With the above new approaches in view, below we present new selection criteria that match items’ location in overall difficulty and time intensity. We begin with existing methods that provide reference conditions—the MI criterion and its variant that leverages response time—and then continue with the proposed LM criteria and variations that leverage working speed. For illustration, this study uses Fisher information as a representative example of the information-based item selection. We leave extensions to, and comparison with, other information measures (e.g., Kullback–Leibler divergence, Shannon entropy, and mutual information) for future research.

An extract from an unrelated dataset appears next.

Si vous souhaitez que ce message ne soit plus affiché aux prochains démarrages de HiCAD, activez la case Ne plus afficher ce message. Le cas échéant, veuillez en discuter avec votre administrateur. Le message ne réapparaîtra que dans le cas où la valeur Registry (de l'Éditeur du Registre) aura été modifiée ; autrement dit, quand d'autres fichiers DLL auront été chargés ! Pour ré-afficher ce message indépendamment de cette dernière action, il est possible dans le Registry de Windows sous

Information-Based Item Selection

Maximum Information (MI)

The MI criterion selects an item that provides maximum information about examinee’s latent ability. Suppose at stage m (i.e., the mth item on the test) an item is selected from a pool of eligible items. The MI criterion evaluates item information based on the examinee’s provisional ability estimate, $\hat{θ}$ , and administers the item that provides maximum information

j_{m + 1} : = \underset{j \in R_{m}}{\arg \max} I_{j} (\hat{θ}),

(4)

where j_m+1 is the (m + 1)th item to be selected, $R_{m}$ denotes the set of eligible items remained after administering the m items, and $I_{j} (\hat{θ})$ evaluates information that the prospective item j provides at $\hat{θ}$ . In the case of GPCM, the item information is calculated as

I_{j} (θ) = a_{j}^{2} (\sum_{k = 0}^{K_{j}} k^{2} P_{j k} (θ) - {(\sum_{k = 0}^{K_{j}} k P_{j k} (θ))}^{2}),

where P_jk (·) is the item category response function for item j category k.

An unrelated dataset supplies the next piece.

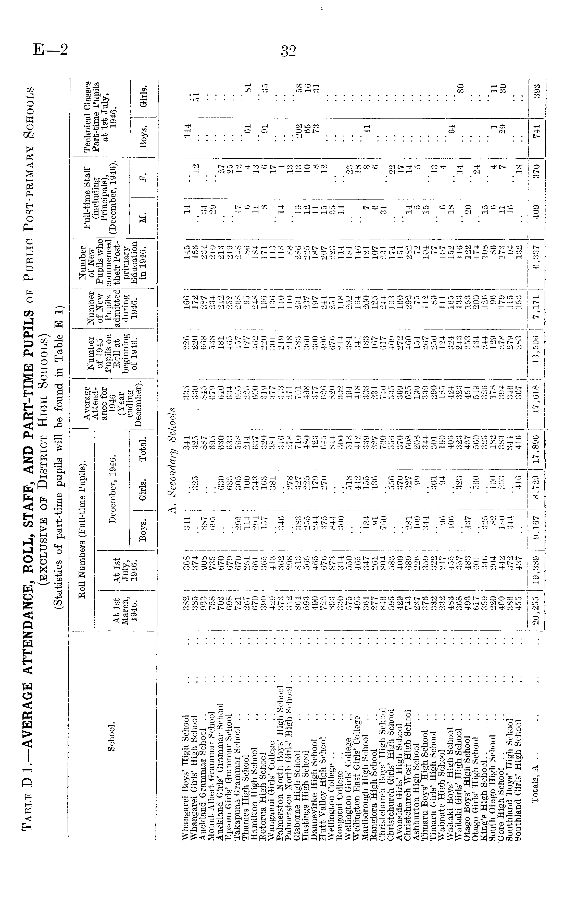 (exclusive op District High Schools) (Statistics of part-time pupils will be found in Table E 1) Roll Numbers (Full-time Pupils). Average Attendance for 1946 (Year ending December). Number Number Number of New Full-time Staff (including Principals), (December, 1946). Technical Classes Part-time Pupils at 1st July, 1946. School. At 1st March, At 1st July, December, 1946. of 1945 Pupils on Roll at beginning of New Pupils admitted during Pupils who commenced their Postprimary J94.6. 1946. Boys. Girls. Total. of 1946. 1946. Education in 1946. M. P. Boys. Girls. A. Secondary Schools Whangarei Boys' High School Whangarei Girls' High School Auckland Grammar School Mount Albert Grammar School Auckland Girls' Grammar School Epsom Girls' Grammar School Takapuna Grammar School Thames High School Hamilton High School Rotorua High School Wanganui Girls' College Palmerston North Boys' High School Palmerston North Girls' High School Gisborne High School Hastings High School Dannevirke High School Hutt Valley High School .. Wellington College Rongotai College Wellington Girls' College Wellington East Girls' College Marlborough High School Rangiora High School Christchurch Boys' High School Christchurch Girls' High School Avonside Girls' High School Christchurch West High School Ashburton High School Timaru Boys' High School Timaru Girls' High School Waimate High School Waitaki Boys' High School Waitaki Girls' High School .. Otago Boys' High School Otago Girls' High School King's High School.. . South Otago High School Gore High School Southland Boys' High School .. Southland Girls' High School .. .. 382 385 933 758 703 698 721 267 670 390 429 373 312 864 593 490 722 893 330 575 495 364 277 846 595 429 743 237 376 332 232 483 368 493 617 359 220 460 386 455 368 374 908 735 670 679 670 251 661 365 413 362 298 813 565 465 676 873 314 550 465 347 261 804 583 409 689 226 359 322 217 455 357 483 601 346 204 442 372 437 341 '887 695 293 114 294 157 346 '383 255 244 375 844 300 'i84 91 760 '281 109 344 "96 406 '437 '325 82 180 344 '325 '630 633 305 100 343 163 381 '278 327 225 179 270 *518 412 155 136 *556 370 327 99 301 94 '323 '560 'ioo 203 '416 341 325 887 695 630 633 598 214 637 320 381 346 278 710 480 423 645 • 844 300 518 412 339 227 760 556 370 608 208 344 301 190 406 323 437 560 325 182 383 344 416 335 . 330 845 679 640 634 605 225 600 319 377 343 271 701 498 377 626 820 302 494 418 308 231 740 535 369 625 199 339 290 185 424 323 451 549 326 178 394 346 367 226 220 668 538 481 465 457 177 462 220 301 249 218 583 360 300 496 676 214 384 341 183 167 617 409 272 460 154 267 250 124 324 243 353 434 244 129 278 279 283 166 172 287 234 242 252 268 95 248 196 136 140 110 294 237 197 241 251 118 202 164 200 125 244 193 160 292 75 112 89 111 165 133 153 200 126 96 179 115 153 145 156 234 210 213 219 248 86 184 171 113 118 88 286 225 187 207 223 114 181 146 121 107 231 174 151 282 72 104 77 107 152 116 122 174 108 86 173 94 132 14 "34 29 "l7 6 11 8 "l4 "l9 12 11 15 35 14 7 6 31 "l4 5 15 6 18 "20 "l5 6 11 16 "l2 "27 25 12 4 13 6 17 1 13 13 10 8 12 "23 18 8 6 "22 17 14 5 "l3 4 "14 "24 4 7 "l8 114 "61 "91 202 65 73 "41 "64 1 29 si "81 "35 "58 16 31 "80 "ll 30 !fotftls, A .. 20,255 19,389 9,167 8,729 17,896 17,618 13,506 7,171 6,337 409 370 741 393

Maximum Information Per Time Unit (MIT)

The MI criterion provides an optimal item selection design in the sense that it can achieve the same measurement precision using a minimal number of items (i.e., length-wise measurement efficiency). It however gives little consideration to the time needed for answering an item. In real settings, items that contain large information often demand substantial time effort (van der Linden et al., 1999), and sole focus on the item information can lead to time-exacting tests. The information-centered item selection in particular can handicap capable examinees as the items that are matched to the high ability levels tend to be time-intensive (van der Linden & van Krimpen-Stoop, 2003).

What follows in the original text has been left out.